▸ Exercise brief
The required output is the lines of the listing from the beginning through the line containing "Above: The arrival", each copied exactly, without any pictures.

▸ Data for review

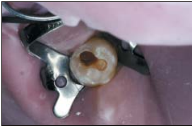
Fig 3. Further excavation revealed deep soft dentin. Careful removal of soft dentin was obtained leaving a thin layer of brown dentin.
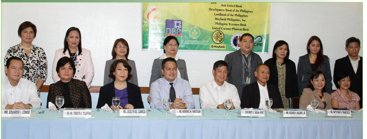
Key officials from accredited banks LANDBANK, Asia United Bank, Development Bank of the Philippines, Maybank, Philippine Veterans Bank and United Coconut Planters Bank were on hand to seal the agreement for PVAO's pension servicing system at Camp Aguinaldo, Quezon City.

The Philippine Veterans Affairs Office (PVAO) recently tapped LANDBANK as one of its accredited banks for a system that aims to provide PVAO veterans with a fast and secure delivery scheme for their pension funds through electronic transfer. The facility is called Direct Remittance Pension Servicing System (DRPSS).
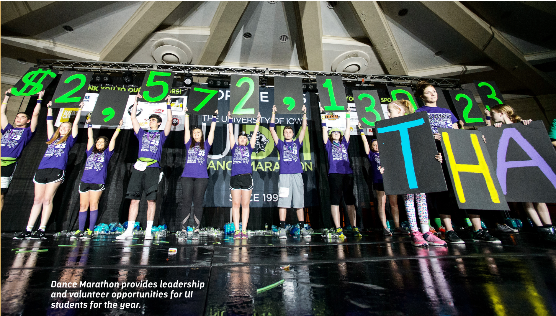
Dance Marathon provides leadership and volunteer opportunities for UI students for the year.
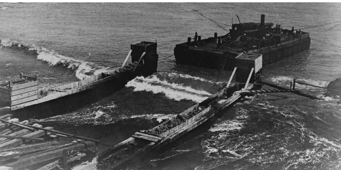
Above: The arrival of a seacoast defense gun. The U.S. Army Corps of Engineers used a specially-designed barge for transporting the big guns, carriages and heavy material to the wharf at Bonita Cove. (Photo circa 1902)
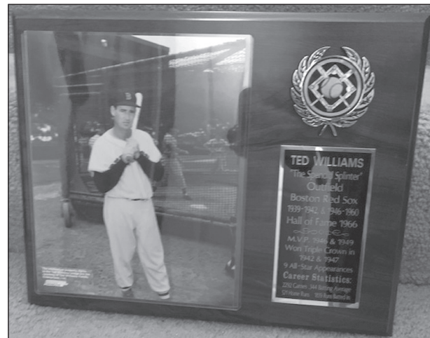
A plaque with a photo of Red Sox great Ted Williams is one of the many items available for bid in the upcoming CLT online auction.
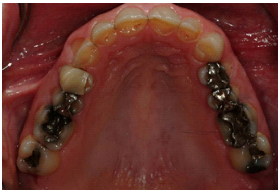
Fig 2: Intraoral maxillary occlusal view photograph showing enamel erosion on incisal and palatal surfaces
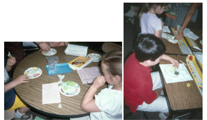
Figures 1 & 2. First grade children eating different plant parts. Click images for a larger view.

This exercise is designed for young children (K to 3) to teach the different parts of a plant (root, stems, leaves, flowers, fruit, and seeds), the basic functions of each part, and to show that tiny microscopic organisms ("germs") can cause each part of a plant to become diseased. The lesson provides the opportunity to instruct children about different "germs" that infect plants. The laboratory section highlights the lesson by having the children eat different parts of a plant, i.e. a root (carrot), a stem (celery), a leaf (lettuce), a flower (broccoli floret), a fruit (cucumber), and a seed (popcorn) (Figures 1 & 2). The lesson shows children the importance of understanding what causes plants to be sick and the need for scientists called plant pathologists to keep plants healthy. The lesson should last approximately 20 min followed by a 20 min laboratory.
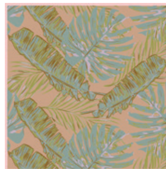
Ref : Chuchu 03J Color : Off white Size : S, M, L
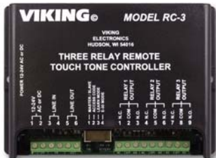
Model RC-3 (DOD# 160)

The K-2000-DVA Digital Announcer is designed to be fully compatible with the Viking models RC-2A and RC-3 remote DTMF controllers. No conflicts between the devices will occur, provided that both units are accessed using the operation and programming guidelines described below.
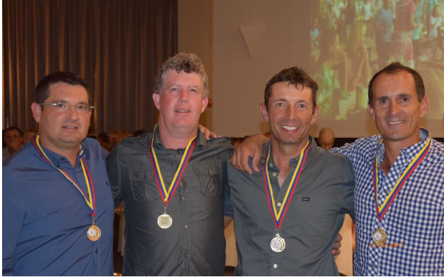
Men's 35-49, SA1
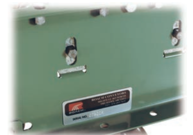
CALR CAM AND SERIAL PLATE

ELECTRICAL CONTROLS: Magnetic starter (one direction or reversible); One direction manual starter; Momentary start/stop push button station; Forward/reversing/stop push button station. Mounting and pre-wiring for units up to 12' long.
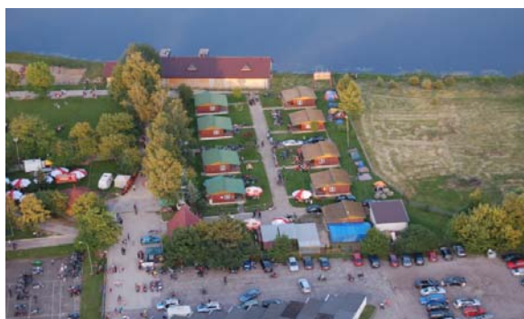
Photo 3. An example location of the recreation area, Mazovia voivodeship, Radom district, the town of Iłża
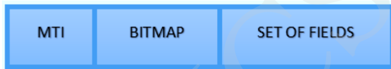
FIG. 2. Structure of ISO 8583 message

The whole standard is defined in ISO 8583 Financial transaction card originated messages Interchange message specifications. It is the binary protocol defined by International Organization of Standardization and intended for the systems that exchange electronic transactions made by cardholders using payment cards. ISO 8583 defines a communication flow and a message format so that different systems can exchange these transaction requests and responses [5]. Fig. 1 presents the structure of ISO 8583 message.
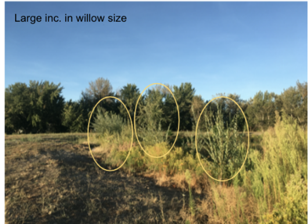
Large inc. in willow size
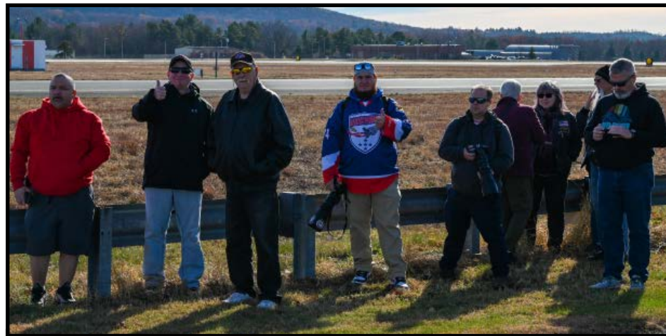
Community and Alumni base tour
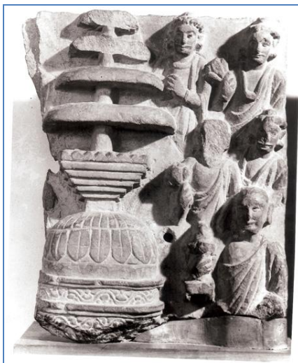
Fig.2. Acc. No. 48.3/44 National Museum, New Delhi

The etymology of the term “Gandhāra” is derived from Sanskrit word Gandhā, which means perfume and it is assumed that valley was blooming with flowers. Other meaning of Gandhā in Sanskrit is red lead, and it was important ingredient of beautifying product of makeup for women; which was mainly produced in Persia and imported via Gandhāran silk routes to India and Mediterranean. Gandhāra is also mentioned in Rigveda, a 7th century BCE text, which describes the ‘fat tailed sheep’ coming from Gandhāra region. Buddhist scriptures, Anguttara Nikaya counts Gandhāra as one among solas janapadas (sixteen Janapada), divided on the basis of people lived in the region. According to Mahāparinibbana Sutta, one tooth relic of Buddha went to Gandhāra. Hindu texts, Mahābhārata and Puranas mention this place as well. Behistun inscription of Darius I mentions this region as part of Persian Achaemenid Empire from where the supply of Yak-wood was imported. According to Herodotus - Darius I appointed Skylax (a Greek captain) to explore the lower reaches from Kabul river down to Indus in the South (Peshawar). Herodotus we learn a set of names of
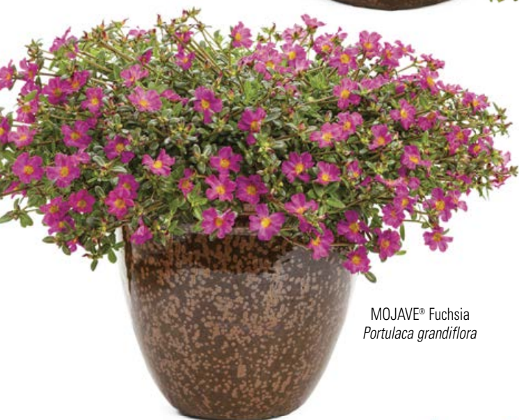
MOJAVE® Fuchsia Portulaca grandiflora
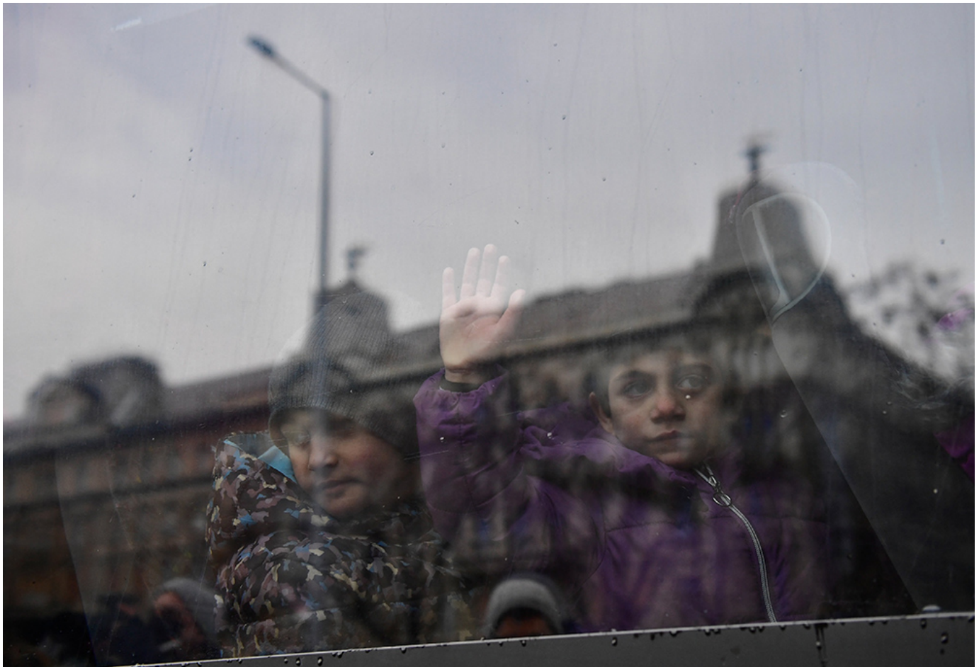
Children of refugees fleeing from Russia's invasion of Ukraine wait for transport at Nyugati railway station Feb. 28, 2022, in Budapest, Hungary.

Such an idea, of course, is anathema to the rest of Europe — including politically conservative Poland, which shares a 330-mile border with Ukraine — which sees Russia as both a physical and existential threat to liberal democracy. It also denies self-determination to Ukraine, which, incidentally, is the case Hungary likes to make about its own sovereignty as a nation.
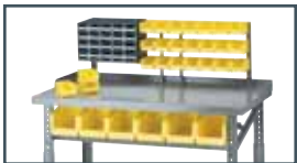
Accessory Package 3

Steel work surface extends 1 1/2" on front and sides to accommodate a vise or clamps (Hardwood extends 2")
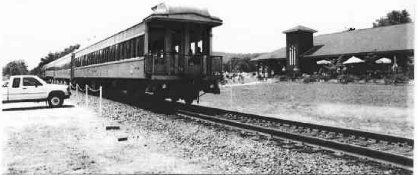
The White River Scenic Railroad's excursion train prepares to board passengers at Flippin, Arkansas in early August 1999. The boarding station is a drug store to the right. A fellow worker at my office tried to ride this train on a July weekday, but the train was full.
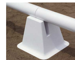
The Wellington Arena accommodates 3.5" round rails
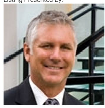
Originally Listed by: Royal LePage Kelowna
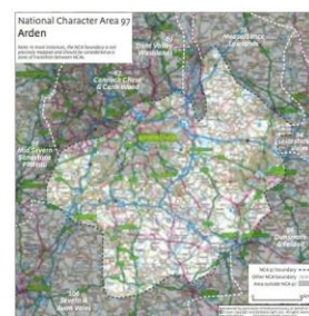
Click map to enlarge; click again to reduce.

■ SEO 2: Create new networks of woodlands, heaths and green infrastructure, linking urban areas like Birmingham and Coventry with the wider countryside to increase biodiversity, recreation and the potential for biomass and the regulation of climate.
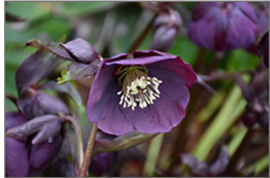
Winter Jewels Amethyst Glow Hellebore flowers
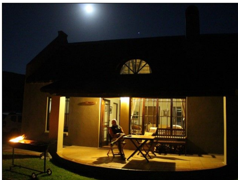
After a long day - Little Karoo
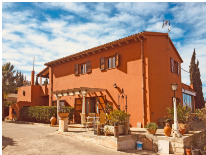
Entrance to the house
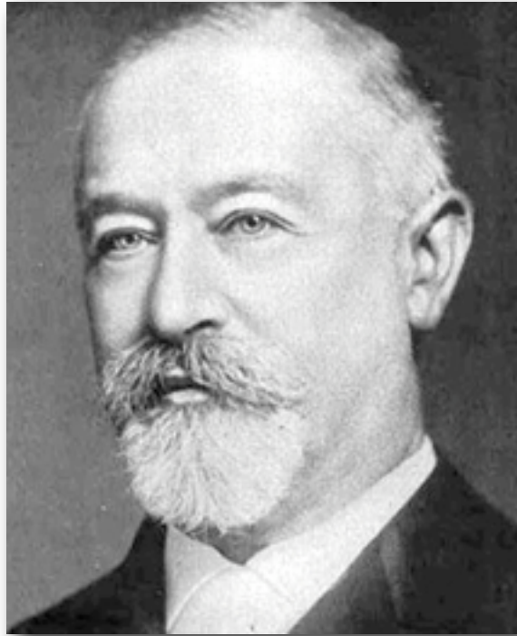
[Image] Jacob Henry Schiff (born Jakob Heinrich Schiff; January 10, 1847 – September 25, 1920)
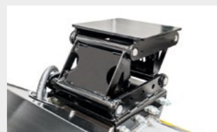
Attachment plate with self levelling device to adapt to all types of terrain
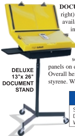
DELUXE 13"x 26" DOCUMENT STAND

DOCUMENT STAND , larger than the A900S (above, right) features two 26"W x 13"H panels. It is also available in a Deluxe version. All models have a writing surface with two clips and hinged, clear document protector. Standard model has three glides. Deluxe model includes three locking casters, lockable tray beneath writing panel, side tray, solar powered calculator, and clear hinged acrylic panels on display panel. Writing surface is 38" high. Overall height 61". Panels are yellow high impact polystyrene. Wall mounted unit also available.
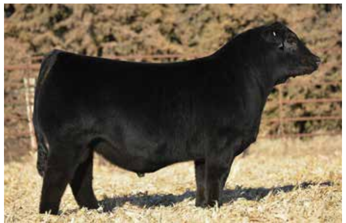
FRKG CKCC PLATINUM 009H ET $175,000 Sire of Embryos Selling
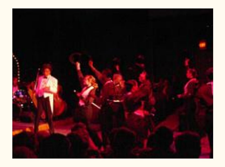
It's YOUR show now!
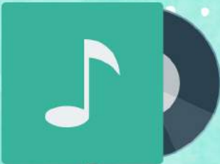
CD AND CD CASING
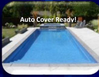
Portia – 16' x 40'
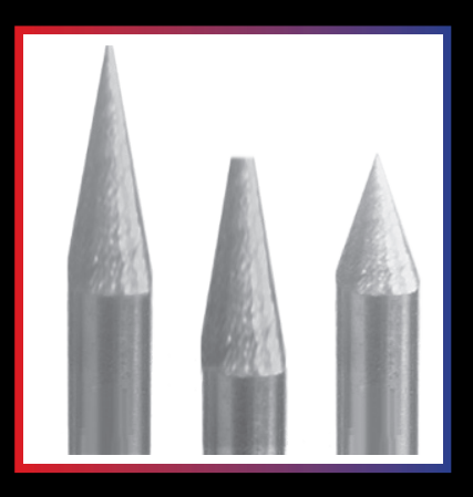
Consistent Results: Stepless grinding angles (20-60 degrees)
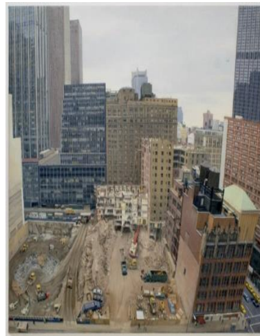
Fig. 18 Demolition and excavation on the site 1983- oil on canvas – 81.28x91.44cm
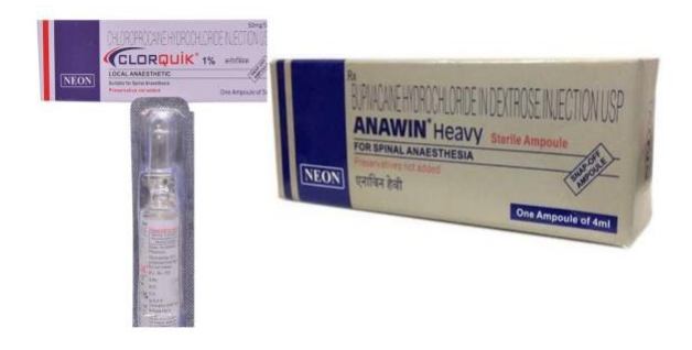
Figure 1- chloroprocaine and Bupivacaine ampoules

▸ Exercise result
Fig 3. Further excavation revealed deep soft dentin. Careful removal of soft dentin was obtained leaving a thin layer of brown dentin.
Key officials from accredited banks LANDBANK, Asia United Bank, Development Bank of the Philippines, Maybank, Philippine Veterans Bank and United Coconut Planters Bank were on hand to seal the agreement for PVAO's pension servicing system at Camp Aguinaldo, Quezon City.

The Philippine Veterans Affairs Office (PVAO) recently tapped LANDBANK as one of its accredited banks for a system that aims to provide PVAO veterans with a fast and secure delivery scheme for their pension funds through electronic transfer. The facility is called Direct Remittance Pension Servicing System (DRPSS).
Dance Marathon provides leadership and volunteer opportunities for UI students for the year.
Above: The arrival of a seacoast defense gun. The U.S. Army Corps of Engineers used a specially-designed barge for transporting the big guns, carriages and heavy material to the wharf at Bonita Cove. (Photo circa 1902)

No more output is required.